Peaches learned how to Sit and Down today. This puppy is super smart and very motivated
to work. She is so fun to work with.
TIP #1: BARRIER FRUSTRATION BARKING
This type of barking often comes with posturing such as snarling or baring of teeth. The three most common occurrences are: Dogs left in a backyard too long, dogs in cars, or dogs on leash that would be perfectly comfortable with whatever they are barking at (most often other dogs) if they were off leash.
With very social dogs, more time spent playing with other dogs and less time spent behind a barrier will greatly improve the problem. Not-so-social dogs first need to learn to enjoy other dogs. In the meantime, avoid unsupervised time in the yard or car.
In either case, always give your dog a treat when he sees another dog but can’t say hi.
TIP #2: RESOURCE GUARDING COMES IN MANY FORMS
The catch-all, technical term of "resource-guarding" can include guarding of dog food bowls (or food), place (dog crate, dog bed, sofa, etc.) items (rawhide, bones, balls, tissues, etc.) and less commonly, people.
Resource-guarding simply means that a dog gets uncomfortable when we (or other animals) are around him when he has "his stuff." He's nervous that we're going to take it away, so he tries to warn us off in a variety of ways, ranging from simply consuming his food faster, to an all-out bite.
During resource-guarding, dogs exhibit components of ritualized aggression.
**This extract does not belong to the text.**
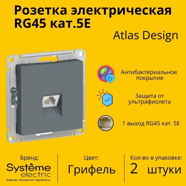 Купить Розетка одноместная компьютерная электрическая Systeme Electric Atlas Design RJ45 кат.5E, Грифель ATN000783 - 2 шт.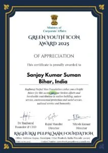 👉रघुराज पीपल मैन फाउंडेशन की ओर से से दिया गया ग्रीन यूथ आइकॉन अवार्ड 2025

That is, they have a fairly explicit hierarchy of warnings - accelerated eating, cessation of eating or "freezing up," glassy/hard eyes, growling, lip lifting, snapping, biting - that they'll run through to get a competitor (YOU!) to back away from what they have. They're nervous that you're there and don't want to share.
A dog can move from a growl to a serious bite in a matter of seconds. That's why trainers often hear the cry, "he bit without warning!" More often than not, there was a warning, somewhere, sometime - we just missed it.